Communists were the main opponents to the Russian tsar’s monument installation in Mogilev. In Kraisk, communist Konstantin Kovalenya, ex-chairman of the village council, informs from the first minutes of the talk, that he isn’t a church-goer and believes in himself only.

- Today I am still a communist, though frankly speaking, a baptized one, - admits Konstantin Ivanovich. - There were 9 children in our family, I was the eldest. Our father lined us up in a file and took a position alongside with his belt in hands. Those were Soviet times and I was naturally against baptizing, so I pushed the cross away. But the priest hit me with it on a forehead and so I was baptized. What for the church, I think, the village needs it because most of the people find there salvation from drink and other misfortunes.

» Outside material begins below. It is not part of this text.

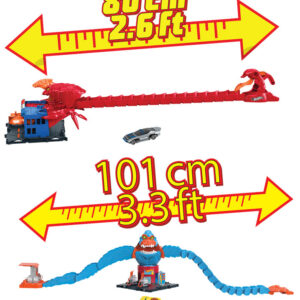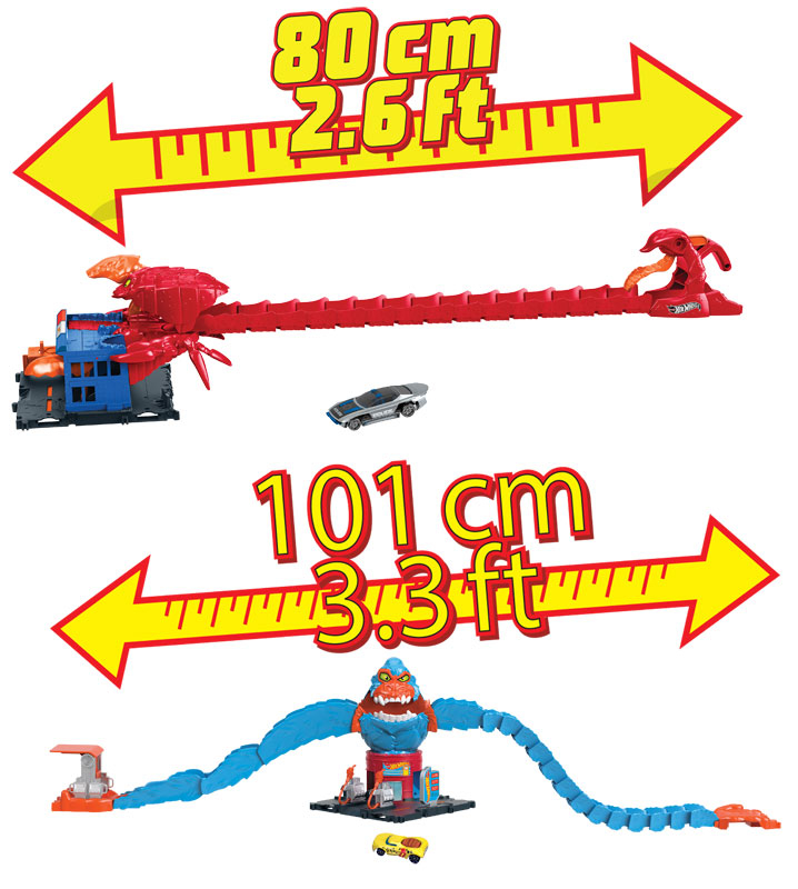 Ky koleksion kombinon shpejtësinë dhe marifetet klasike Hot Wheels me pengesa emocionuese me temë krijesash që shtojnë një kthesë të freskët në lojën tradicionale të pistës së makinave.

I ask the communist’s opinion on the bust in the village.

- I think it was a cruelty to shoot the tsar’s family. What could those women and that boy, the tsarevich, be blamed for? They might well be placed among the martyrs. Therefore I don’t feel wounded neither by the bust nor by the church consecration to his name. But the Bloody Sunday has never been cancelled and I believe the guilt lies at Nicholas’ door.

Reverend Sergius has his own opinion about this.

- When they speak about the Bloody Sunday, nobody mentions there was a provocation on the demonstrators’ side. They were first who began shooting at the soldiers. Plus at that moment the tsar was not in St Petersburg, he was in Tsarskoye Selo, more than 30 km away.

I don’t wait for the end of the talk and visit the local school, meeting Alexander Tsalabanov, a math and physics teacher.

- It’s terrible to remember, but we really danced in the church. When I came to Kraisk in 1984, nobody told me that the building had been a temple. I was a Komsomol member, and frankly speaking the first time I ever crossed myself was in 1995, the day of St Alexis Church consecration, celebrated by Filaret, Metropolitan of Minsk and Slutsk. So when reverend Sergius told that money came up to put up a bust, I was confronted with the inner struggle. We have been educated that it was the Bloody Sunday and bloody tsar too. On the other hand, his renunciation of the throne to avert civil war was a real feat. So if the bust was erected, let it be erected. May be it really is helping us.

The tsar family was large so I find the like family in Kraisk and visit Svetlana Savitskaya, a mother of 6 children.

- Yes, indeed, we hold the tsar family in esteem. Our children were born on the “tsar” dates and called in royal family honour. Aleksei, Olga and the eldest Nikolai serve in the temple. My first husband was a religious man, once he had a vision of tsar Nicholas, who gave him a blessing. The husband died shortly after. I was bearing the third child and it was a hard time. But I always asked the sovereign for help and always got it. Now I’m marrid for the second time, and my second husband loves children too.

Whoever lives in Kraisk – communists, ex-komsomol members or truly religious people – all of them have been witnesses to the event, which nobody even tries to deny. 12 years ago on the day of St Nicholas church consecration, the icon of the tsar was seen exuding myrrh. A great miracle according to all Christian canons. A sign of God’s will fulfillment.